First, I’ll give you the short answer. The right dark data, just like its brother right Big Data, can be monetised – honest, guv! There’s loadsa money to be made from dark data by ‘them that want to’, and as value propositions go, seriously, what could be more attractive?
Let’s take a look at the market.
Gartner defines dark data as "the information assets organizations collect, process and store during regular business activities, but generally fail to use for other purposes" (IT Glossary – Gartner)
Techopedia describes dark data as being data that is "found in log files and data archives stored within large enterprise class data storage locations. It includes all data objects and types that have yet to be analyzed for any business or competitive intelligence or aid in business decision making." (Techopedia – Cory Jannsen)
Cory also wrote that "IDC, a research firm, stated that up to 90 percent of big data is dark data."
In an interesting whitepaper from C2C Systems it was noted that "PST files and ZIP files account for nearly 90% of dark data by IDC Estimates." and that dark data is "Very simply, all those bits and pieces of data floating around in your environment that aren’t fully accounted for:" (Dark Data, Dark Email – C2C Systems)
Elsewhere, Charles Fiori defined dark data as "data whose existence is either unknown to a firm, known but inaccessible, too costly to access or inaccessible because of compliance concerns." (Shedding Light on Dark Data – Michael Shashoua)
Not quite the last insight, but in a piece published by Datameer, John Nicholson wrote that "Research firm IDC estimates that 90 percent of digital data is dark." And went on to state that "This dark data may come in the form of machine or sensor logs" (Shine Light on Dark Data – Joe Nicholson via Datameer)
Finally, Lug Bergman of NGDATA wrote this in a sponsored piece in Wired: "It" – dark data – "is different for each organization, but it is essentially data that is not being used to get a 360 degree view of a customer.
Well, I would say that 90% of 2.7 Zetabytes (as of last October) of data being dark is a reason to be concerned.
But like the Wizard of Oz, Martyn knows what you are lacking, a data inventory:
…
You don’t need a Chief Data Officer in order to be able to catalogue all your data assets.
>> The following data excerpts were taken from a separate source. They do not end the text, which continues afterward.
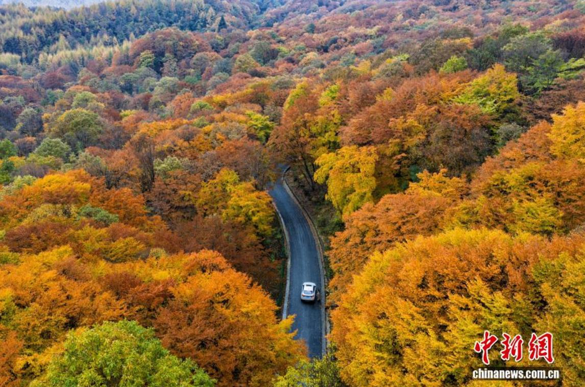 四川旺蒼米倉(cāng)山萬(wàn)山紅遍 游客陶醉彩林間
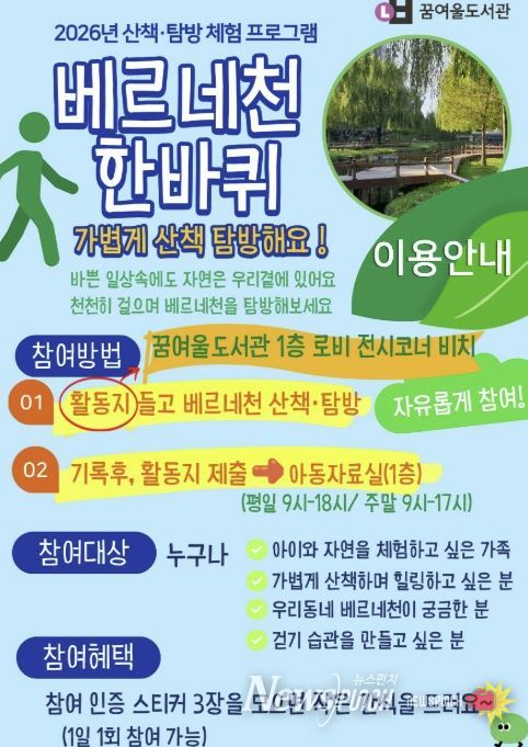 5월에는 북부도서관이 ‘백만송이 장미공원’을 주제로 사진전과 장미공원 둘레길 걷기 등 봄꽃 체험 프로그램을 운영하며, 지역 명소를 활용한 체험을 통해 시민 참여를 확대할 예정이다.
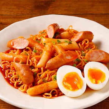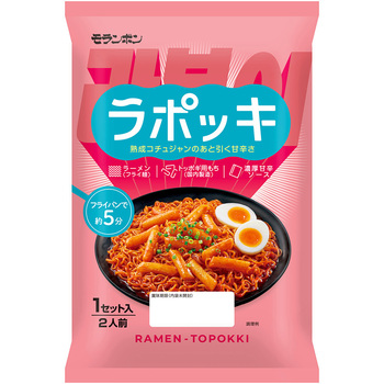 人気の韓国グルメ「ラーメントッポッキ(トッポギ)」がおうちで楽しめるセットです。ラーメンとトッポギ用もちに熟成コチュジャンが効いた濃厚甘辛ソースがからみつくとまらないおいしさです。

However, it is still good idea to have a reliable inventory of all your business data, including the euphemistically termed Big Data and dark data.
If you have such an inventory, you will know:
What you have, where it is, where it came from, what it is used in, what qualitative or quantitative value it may have, and how it relates to other data (including metadata) and the business.
…
Really? A data inventory? Relief to know the MDM (master data management) folks have been struggling for the past two decades for no reason. All they needed was a data inventory!
You might want to recall AnHai Doan’s observation for a single enterprise mapping project:
…the manual creation of semantic mappings has long been known to be extremely laborious and error-prone. For example, a recent project at the GTE telecommunications company sought to integrate 40 databases that have a total of 27,000 elements (i.e., attributes of relational tables) [LC00]. The project planners estimated that, without the database creators, just finding and documenting the semantic mappings among the elements would take more than 12 person years.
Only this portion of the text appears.